- **Assignment**
Start the copy at the line holding "주로 그린 검은 수묵" and continue it exactly through the last line of the entries, leaving out pictures and anything else.

Records from a data collection

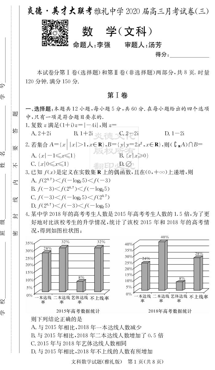 【文數】炎德英才大聯考2020屆雅禮中學高三3次月考
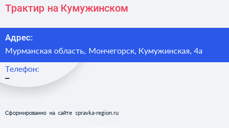 Трактир на Кумужинском по адресу Мурманская область, Мончегорск, Кумужинская, 4а в дальнейшем Организация, размещена в следующих категориях:
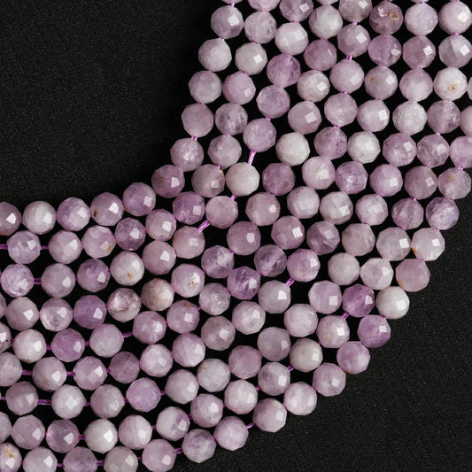 Natural Kunzite Gemstone Round Micro Faceted Beads String 15.5 Inches Long 2/3/4/6 MM for Jewelry Making and Crafting - AS & JG
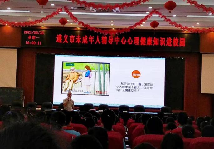 为了提高学生应对心理困扰的能力,在遵义市教育局的领导下,遵义市未成年人心理健康教育协会组织开展“心理健康知识进校园”活动。根据安排,遵义市未成年人心理健康教育协会李仕卫老师于2021年6月28日下午为遵义航天中学开展题为《做情绪的主人》的专题讲座。
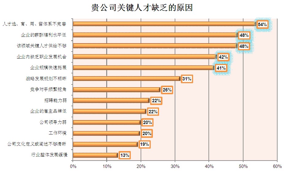 在公司关键人才缺乏原因的调查中发现,越来越多的企业意识到人才管理体系的问题才是造成关键人才缺乏的主要原因。54%的企业认为“人才选、用、育、留体系不完善”是造成人才缺乏的最大原因。而外部市场的影响因素,“企业的薪酬福利水平低”与“该领域关键人才供给不够”并列第二,为48%。而紧随其后的是,又是企业自身问题的影响,为“企业内缺乏职业发展机会”,以及“企业规模快速拓展”,分别为42%和41%。
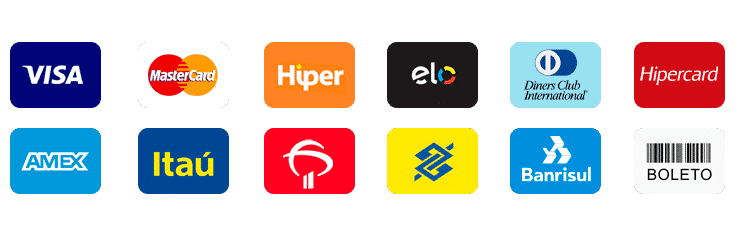Aceitamos os cartões de crédito mais usados: Visa, Mastercard e outros. Dividimos em até 12x no cartão ou você também pode optar por pagamento por boleto bancário ou pix.
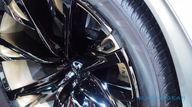 If there's a saving grace among the heft it's some of the detailing. The door handles are normally flush with the bodywork, popping out when needed; it's a neat visual element but also helps with aerodynamics and cuts wind noise. 24-inch wheels have typical auto show scale, but Infiniti makes them look more like 26-inches by having the outer edges of the wheel overlap the tires; the result is an SUV that looks as though it's running on skinny, low-profile rubber, without the compromise in ride quality.
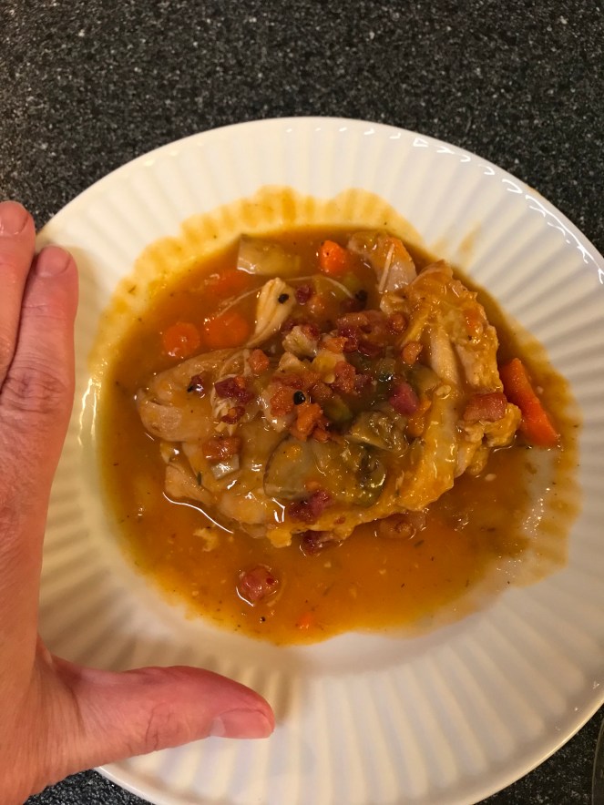 Add chicken thighs back to pan, pressure cook for 13-15 minutes. Manually release. Check thickness of sauce, if to your liking, serve.
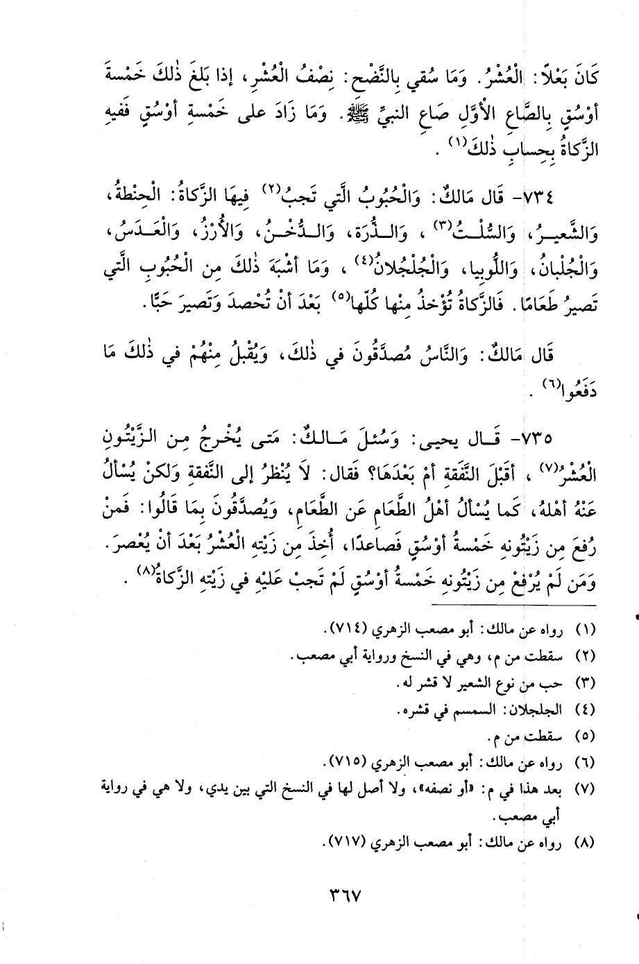 734- قَالَ مَالِكٌ: وَالْحُبُوبُ الَّتِي تَجِبُ فِيهَا الزَّكَاةُ: الْحِنْطَةُ، وَالشَّعِيرُ، وَالسُّلْتُ، وَالذُّرَةُ، وَالدُّخْنُ، وَالأَرْزُ، وَالْعَدَسُ، وَالْجُلْبَانُ، وَاللُّوبِيَا، وَالْجُلْجُلاَنُ، وَمَا أَشْبَهَ ذَلِكَ مِنَ الْحُبُوبِ الَّتِي تَصِيرُ طَعَامًا، فَالزَّكَاةُ تُؤْخَذُ مِنْهَا كُلّهَا، بَعْدَ أَنْ تُحْصَدَ وَتَصِيرَ حَبًّا.
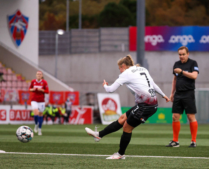 „Við vorum frekar þéttar og þetta var bara barátta. Þetta var þannig leikur að sigurinn hefði getað dottið hvoru megin sem er," sagði Agla María um leikinn en það var hún sem skoraði markið sem skildi liðin að í kvöld.
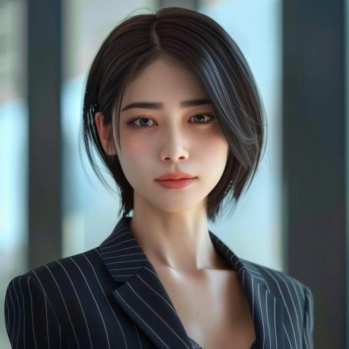 fit slim short haired tanned Chinese woman surfer in a business suit manga style passionate slightly rounded eyes rounded nose wider mouth wild and sassy demeanor hyper realistic promotional photography lovely bold smile
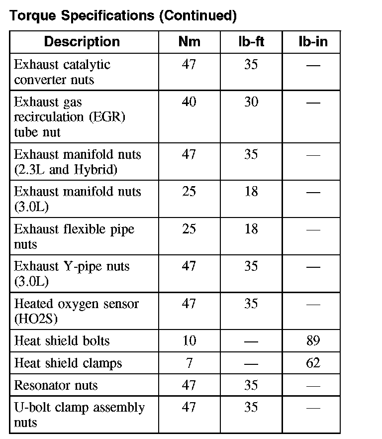 Torque Specifications (Part 2):
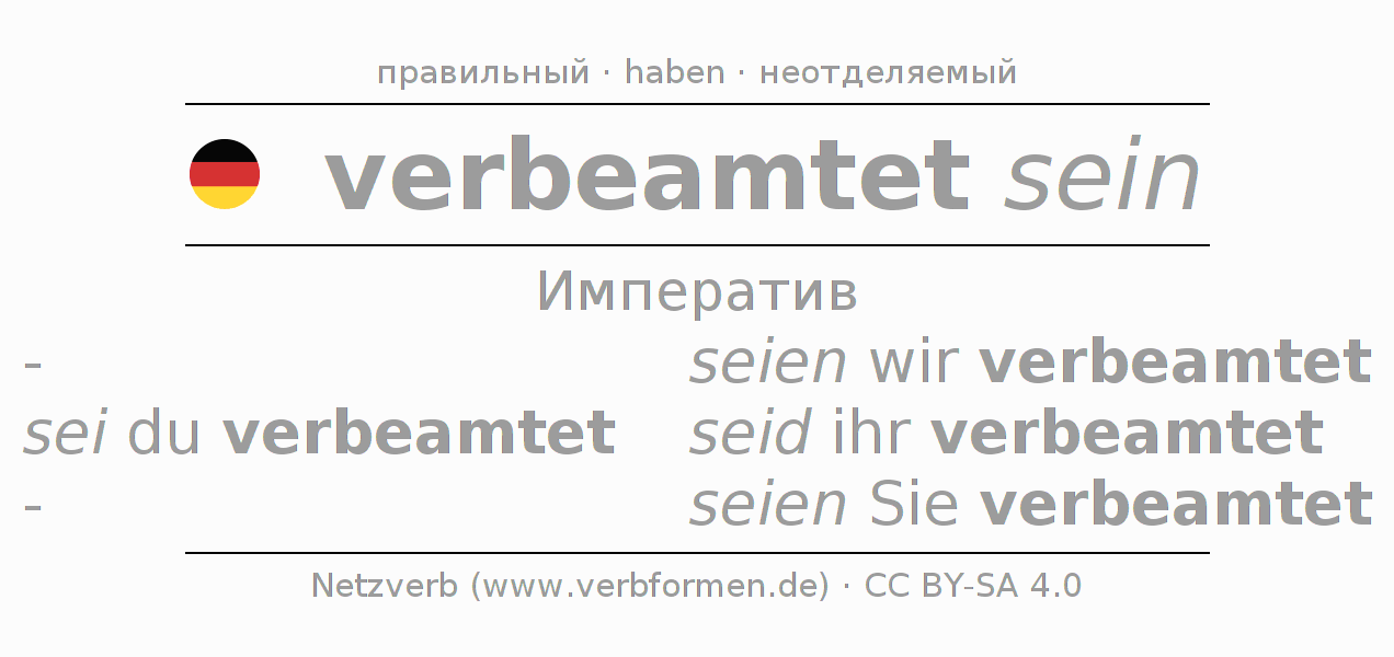 Этот глагол verbeamten полностью спрягается во всех лицах и числах Императив Презенс.
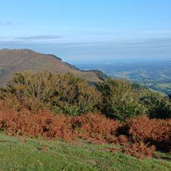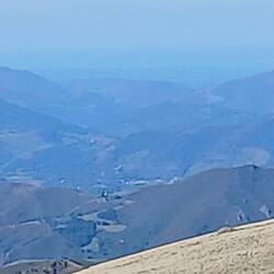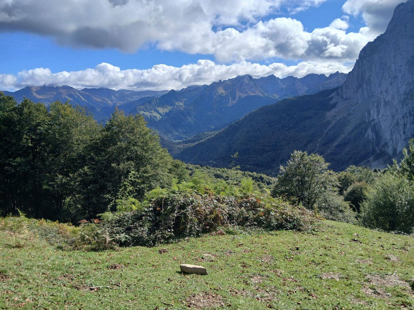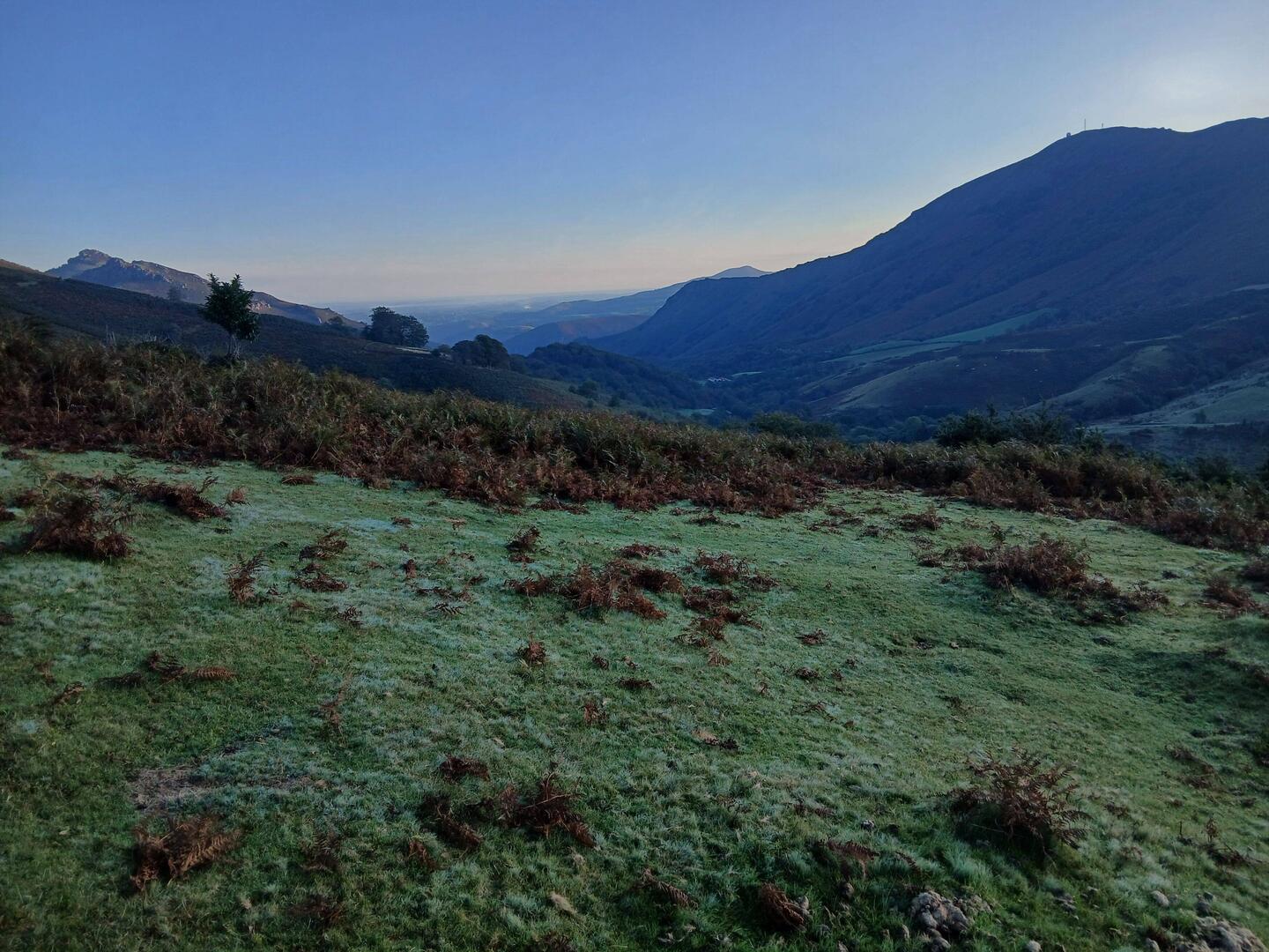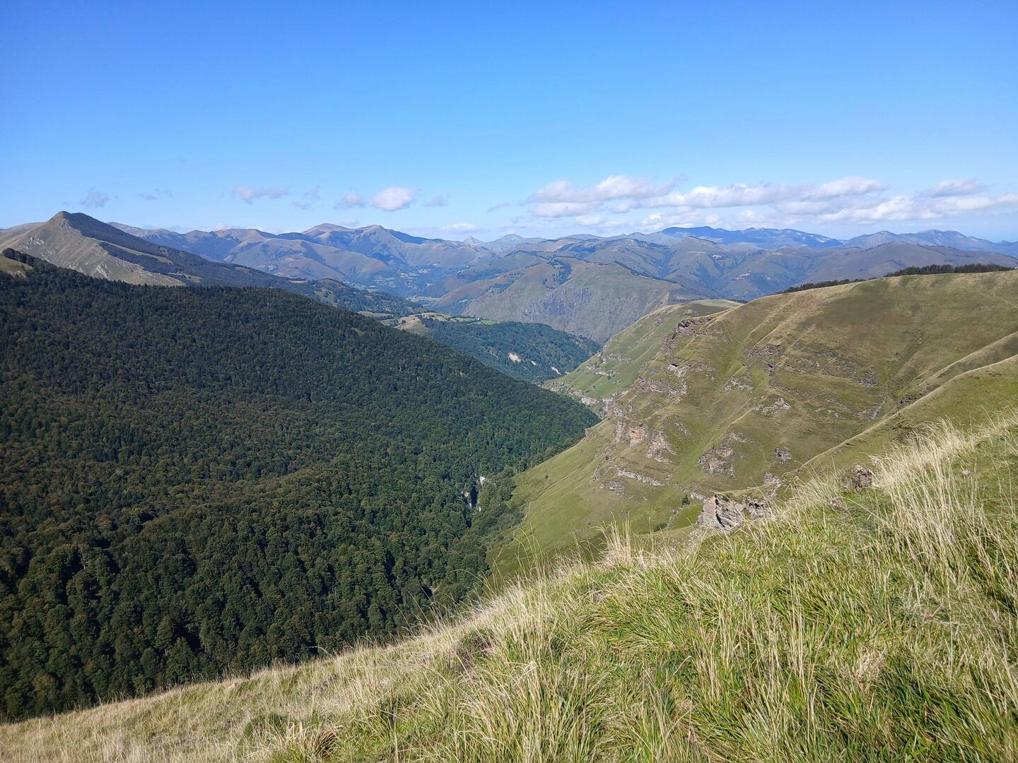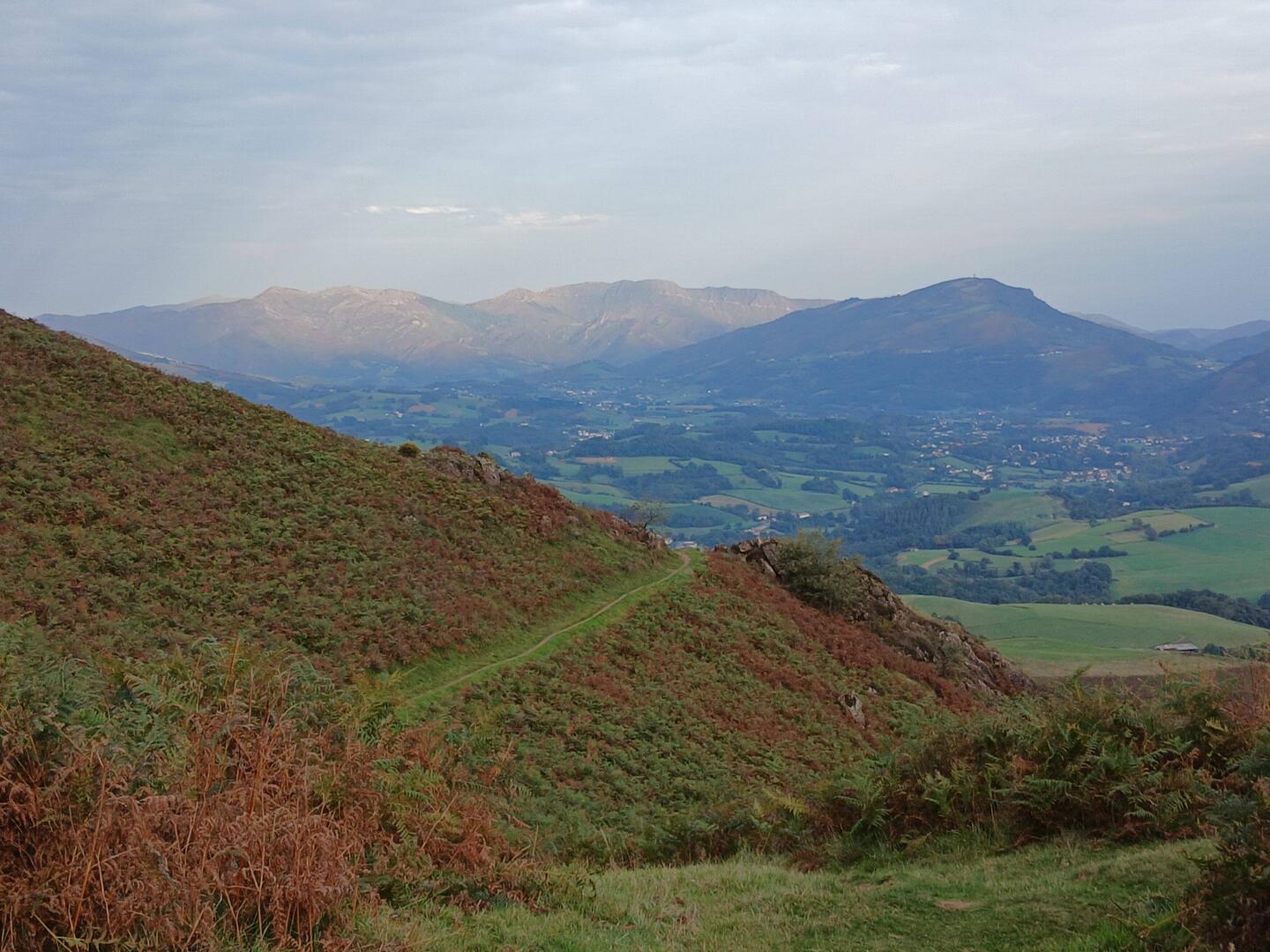 Von oben genießen wir eine schöne Aussicht auf den Rand der Pyrenäen und auch der Atlantik bildet sich teilweise am Horizont ab. Eine weite Wiesenfläche prägt die Spitze und wir suchen uns im Windschatten eines Felsen einen halbwegs gemütlich Platz für zum Mittagessen aus. Am liebsten würde ich einen Mittagsschlaf halten, aber abgesehen davon, dass es mit dem Wind eher ungemütlich ist, haben wir noch einen weiten Weg vor uns. Wir steigen über die steilen Grashänge ins Tal ab und Raubvögel gleiten vor uns durch die Lüfte. Anne hat mir angeboten, bei einem Gasthof auf dem Weg nach einer Banane für mich zu fragen, aber wie wir vorbeilaufen, entscheide ich mich, komplett auf Essen für den restlichen Tag zu verzichten. Damit hoffe ich meinem Magen genug Ruhe und Erholungszeit zu geben und wenigstens die letzten Tage wieder gescheit essen zu können.
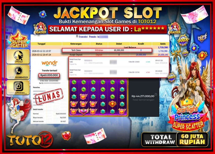 HANYA DI TOTO12 JP PASTI DI BAYAR LUNAS DAN CEPAT!!!!!! JACKPOT SLOT GAME (STARLIGHT PRINCESS SUPER SCATTER) Rp.60.000.000!!!!
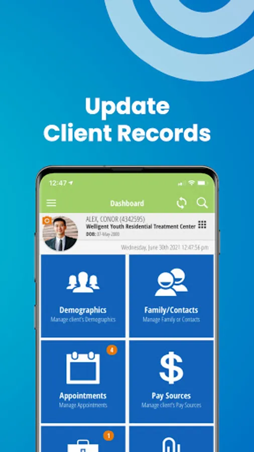 • Access existing client records and add or update demographic and family contact information, pay sources, and medications
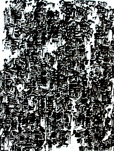 주로 그린 검은 수묵 숲은 인간이 도시에서 하루하루 바쁘게 살아가는 우리네 자화상이다. 작가는 그 도시속에서 인간의 원형을 발견하고 있다. 수묵의 반복은 인간의 깊은 사유를 묵직하게 보여주고, 원근감을 생략해 초현실적인 분위기를 연출한다.
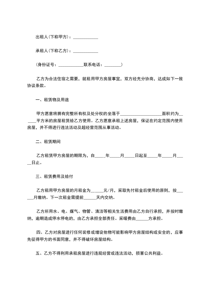 乙方为合法住宿之需要,就租用甲方房屋事宜,双方经充分协商,达成如下一致协议条款。

- **Result of this exercise**
 주로 그린 검은 수묵 숲은 인간이 도시에서 하루하루 바쁘게 살아가는 우리네 자화상이다. 작가는 그 도시속에서 인간의 원형을 발견하고 있다. 수묵의 반복은 인간의 깊은 사유를 묵직하게 보여주고, 원근감을 생략해 초현실적인 분위기를 연출한다.
 乙方为合法住宿之需要,就租用甲方房屋事宜,双方经充分协商,达成如下一致协议条款。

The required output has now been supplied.